The technique has been passed down in its purity from teacher to student for thousands of years, Spangler said, meaning nothing has been distorted or modified. And it is meant for individuals with busy lives, he added.

“The analogy I like to use is we are drawing the bow string back at the beginning of the day in order to shoot into an activity the way we want to,” Spangler said. “When we meditate you are receiving incredible rest, you are gaining energy, creativity, intelligence. It is like a mega refresher.”

Dan Shanker has been practicing vedic meditation with Spangler, who he met in high school, since June 2009. As his college graduation approached he found himself anxious about school and his job prospects in a difficult economy.

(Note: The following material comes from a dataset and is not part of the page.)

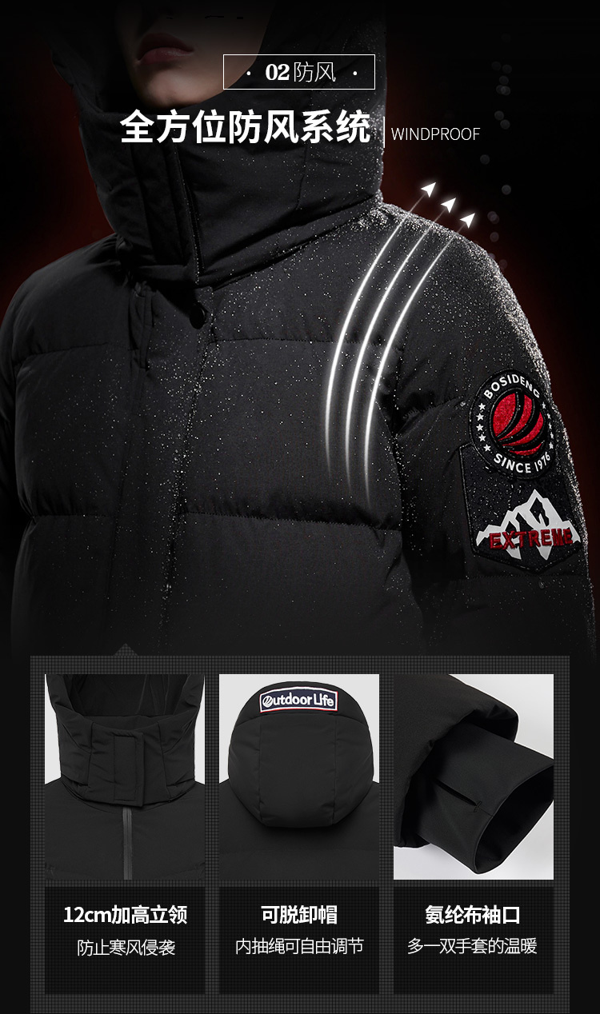 极寒系列是波司登2017年9月28日推出的旗舰系列羽绒服,都是中长款式,对标加拿大和韩系品牌。选用90%、蓬松度600+的优质鹅绒,标上了-30℃的温标。要知道加大拿鹅填充的还是鸭绒,只是充绒量很高。而且波司登的绒通过了国际RDS认证、瑞士蓝标认证的全球认可安心绒。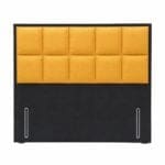 A striking headboard of two rows of square panels, set within a border upholstered in either contrasting black fabric, midnight 800, as standard, or optionally in the same fabric as the squares.

“Within about a month of meditating the anxiety was largely gone,” Shanker said.

Meditation is often misconstrued as something practiced by fringe hippies and space cadets, Shanker said.

“I totally get that reaction from a lot of people, a lot of people immediately get turned off,” Shanker said. “There is nothing new-age about it, it is old-age. We are channeling the oldest knowledge there is.”

Making vedic meditation a part of daily life has changed his life, Spangler said. He said he feels naturally happier and healthier, he gets sick less, he has improved balance and athletic performance. And his stress levels have been reduced significantly.

“I really turned into a different person as I kept practicing over time,” Spangler said. “It really exceeded whatever I thought it was going to be in the beginning.”